New York, NY - The Lupus Research Institute (LRI) applauds our colleagues at the American College of Rheumatology (ACR) for issuing new guidelines to help healthcare professionals screen, diagnose and treat lupus nephritis, a type of kidney disease associated with lupus. Available on the ACR website, the new guidelines are just published in the April 2012 issue of Arthritis Care & Research.
An estimated one third of people with lupus are affected by lupus nephritis – a serious consequence of lupus in which the immune system attacks the kidneys. While nine out of 10 people with lupus are women, men with the disease are more prone to lupus nephritis.
The kidneys keep the balance of fluids in the body at the right levels, taking out waste and extra water from the blood and sending these out of the body through urine. The kidneys also help to control hormone levels and the amount of pressure in the blood vessels. If lupus attacks the kidneys, these functions are impeded and harmful toxins can start to build up in the blood, causing serious damage.

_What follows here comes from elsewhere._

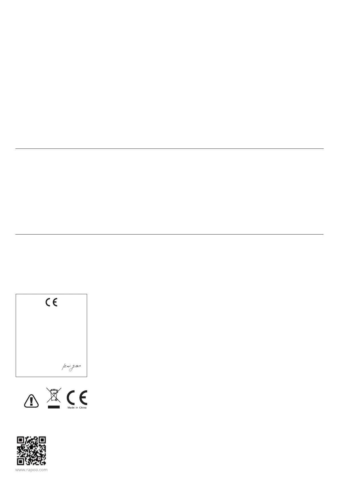 L'appareil est fourni avec deux ans de garantie matérielle limitée à compter du jour d'achat. Merci de consulter www.rapoo.com pour plus d'informations.

Lupus Nephritis Guidelines Codify Diagnosis and Treatment
The 2012 lupus nephritis guidelines were formulated through a thorough review by three panels of researchers of the medical literature from 1966 through 2010 for all evidence pertaining to "lupus kidney disease”.

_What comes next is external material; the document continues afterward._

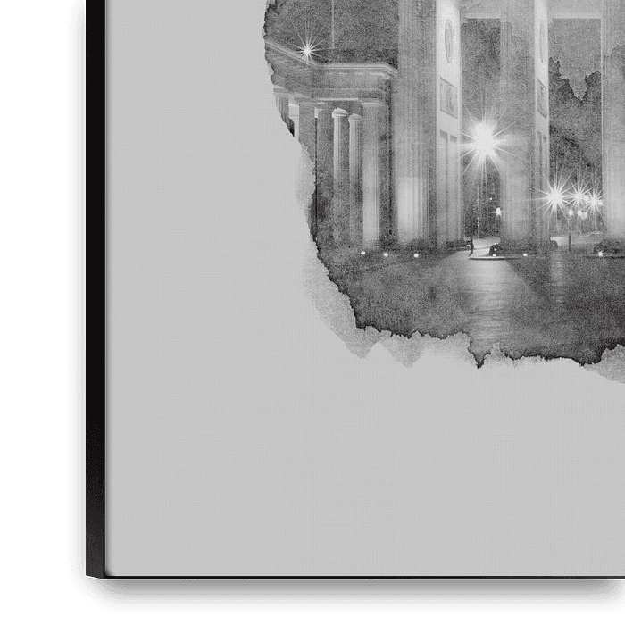 La porte de Brandebourg à Berlin est située sur la Pariser Platz dans le quartier de Mitte et est un emblème de la capitale allemande. Photographie urbaine de nuit. Design décoratif à l'aquarelle.

“It has been over a decade since guidelines for treatment of lupus nephritis were published, and much has changed since with new immunosuppressive and antihypertensive drugs as well as new therapeutics that work directly to reduce loss of kidney function,” commented Betty Diamond, MD, Chief, Autoimmune Disease Center, Feinstein Institute for Medical Research, North Shore-LIJ Health System and Advisor-at-Large of the LRI Scientific Advisory Board. “It is very important that physicians have guidelines to help them make therapeutic decisions and to ensure that certain helpful strategies are not overlooked. However, the ultimate therapeutic plan will still be determined case by case by the patient and their physician.”
The Lupus Research Institute is also strongly committed to improving early diagnosis and treatment of lupus nephritis by funding innovative research on the mechanisms of kidney damage and novel ways to monitor lupus nephritis. Most recently, discoveries from LRI-funded studies include biomarkers to diagnose and assess lupus nephritis while avoiding the need for invasive surgical biopsy. A new LRI study by Dr. Janusz Kabarowski, University of Alabama, Birmingham investigates the possibility of harnessing the anti-inflammatory properties of high-density lipoproteins (good cholesterol HDL) to protect the heart and blood vessels, and stem the immune system’s attack on other vital organs including the kidneys.
“Because so many of our patients suffer from kidney disease, LRI scientific studies in the field of lupus nephritis are robust,” noted LRI President Margaret Dowd. “We will support the ACR’s efforts to educate patients and professionals on the need for early screening for lupus kidney disease when the condition is most treatable.”